→ Work task: Only the pictures stay out; every record is to be quoted exactly.

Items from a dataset
....
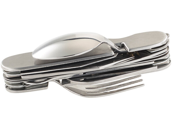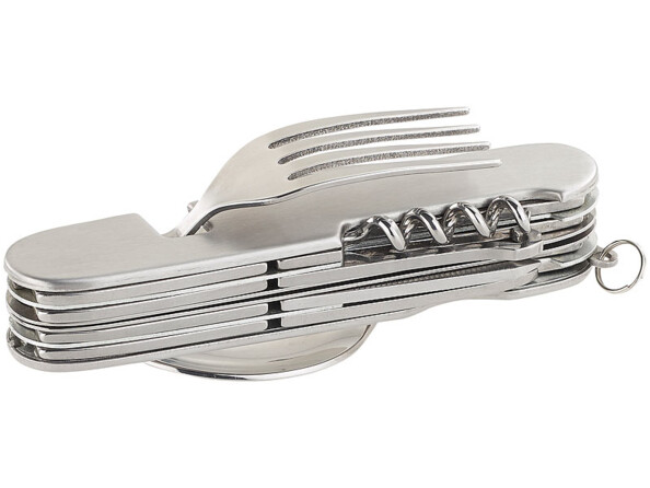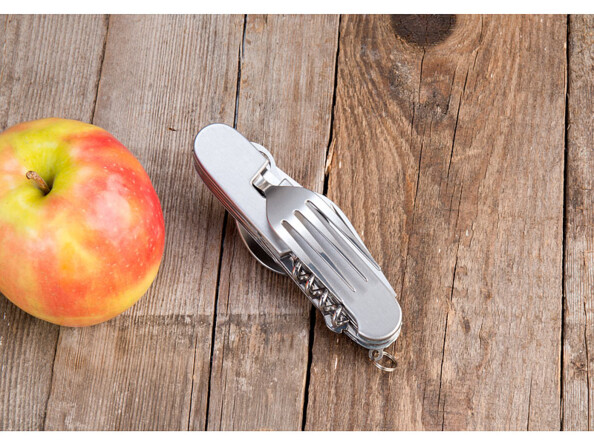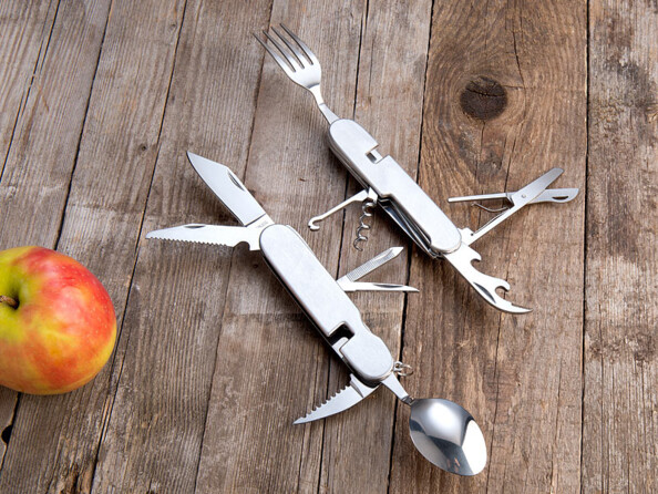 Cet ustensile pliable multifonction est à la fois une paire de couverts, une trousse à outils, un limonadier et un kit de manucure. Pour un trek ou pour un déjeuner sur le pouce, c'est parfait ! Car avec un encombrement minimum, vous emportez avec vous tout ce dont vous avez besoin pour déguster un bon repas. L'ustensile peut même être scindé en deux pour utiliser un couvert dans chaque main. Cuillère, fourchette et même couteau à steak, rien ne manque.
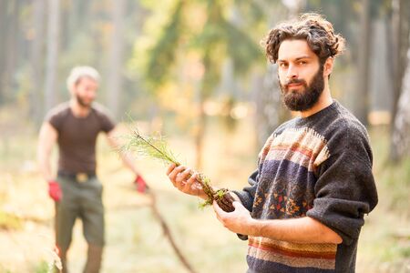 Young forest worker or forest ranger with pine seedling for sustainable afforestation
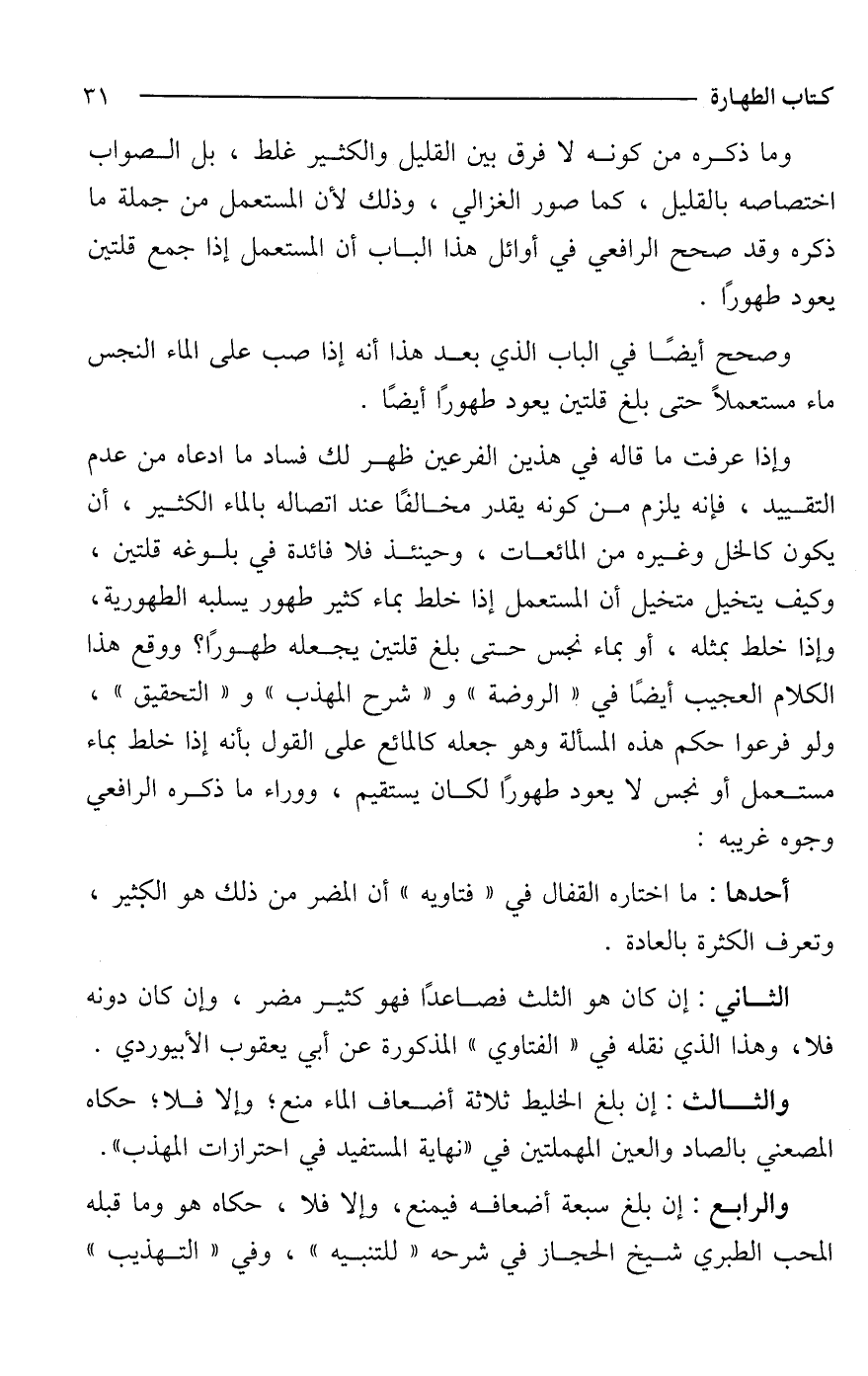 وإذا عرفت ما قاله في هذين الفرعين ظهر لك فساد ما ادعاه من عدم التقييد، فإنه يلزم من كونه يقدر مخالفًا عند اتصاله بالماء الكثير، أن يكون كالخل وغيره من المائعات، وحينئذ فلا فائدة في بلوغه قلتين، وكيف يتخيل متخيل أن المستعمل إذا خلط بماء كثير طهور يسلبه الطهورية، وإذا خلط بمثله، أو بماء نجس حتى بلغ قلتين يجعله طهورًا؟ ووقع هذا الكلام العجيب أيضًا في "الروضة" و"شرح المهذب" و"التحقيق"، ولو فرعوا حكم هذه المسألة وهو جعله كالمائع على القول بأنه إذا خلط بماء مستعمل أو نجس لا يعود طهورًا لكان يستقيم، ووراء ما ذكره الرافعي وجوه غريبه:
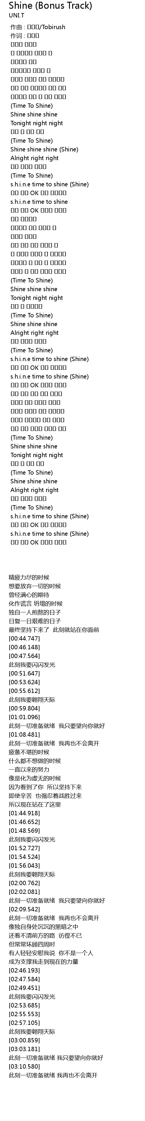 | [03:03.181] | s.h.i.n.e time to shine (Shine) |
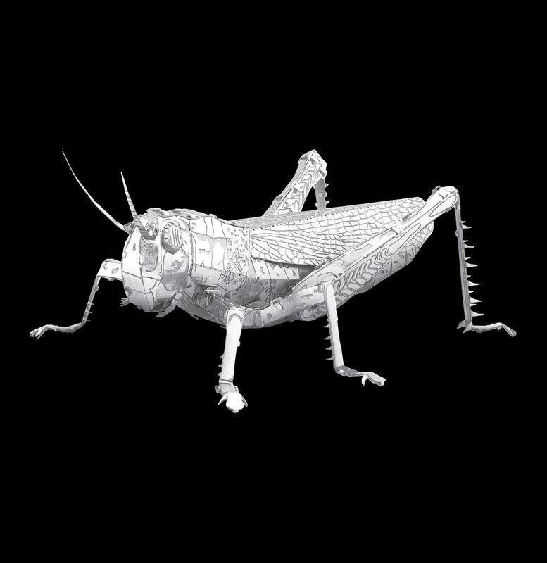 The Grasshopper DIY 3D model kit starts as flat metal sheets with detailed designs etched into each piece. The kit comes with easy-to-follow instructions, and no glue or solder is needed. Just snip out the pieces and bend the tabs to connect them.
....
→ Answer area:
 Cet ustensile pliable multifonction est à la fois une paire de couverts, une trousse à outils, un limonadier et un kit de manucure. Pour un trek ou pour un déjeuner sur le pouce, c'est parfait ! Car avec un encombrement minimum, vous emportez avec vous tout ce dont vous avez besoin pour déguster un bon repas. L'ustensile peut même être scindé en deux pour utiliser un couvert dans chaque main. Cuillère, fourchette et même couteau à steak, rien ne manque.
 Young forest worker or forest ranger with pine seedling for sustainable afforestation
 وإذا عرفت ما قاله في هذين الفرعين ظهر لك فساد ما ادعاه من عدم التقييد، فإنه يلزم من كونه يقدر مخالفًا عند اتصاله بالماء الكثير، أن يكون كالخل وغيره من المائعات، وحينئذ فلا فائدة في بلوغه قلتين، وكيف يتخيل متخيل أن المستعمل إذا خلط بماء كثير طهور يسلبه الطهورية، وإذا خلط بمثله، أو بماء نجس حتى بلغ قلتين يجعله طهورًا؟ ووقع هذا الكلام العجيب أيضًا في "الروضة" و"شرح المهذب" و"التحقيق"، ولو فرعوا حكم هذه المسألة وهو جعله كالمائع على القول بأنه إذا خلط بماء مستعمل أو نجس لا يعود طهورًا لكان يستقيم، ووراء ما ذكره الرافعي وجوه غريبه:
 | [03:03.181] | s.h.i.n.e time to shine (Shine) |
 The Grasshopper DIY 3D model kit starts as flat metal sheets with detailed designs etched into each piece. The kit comes with easy-to-follow instructions, and no glue or solder is needed. Just snip out the pieces and bend the tabs to connect them.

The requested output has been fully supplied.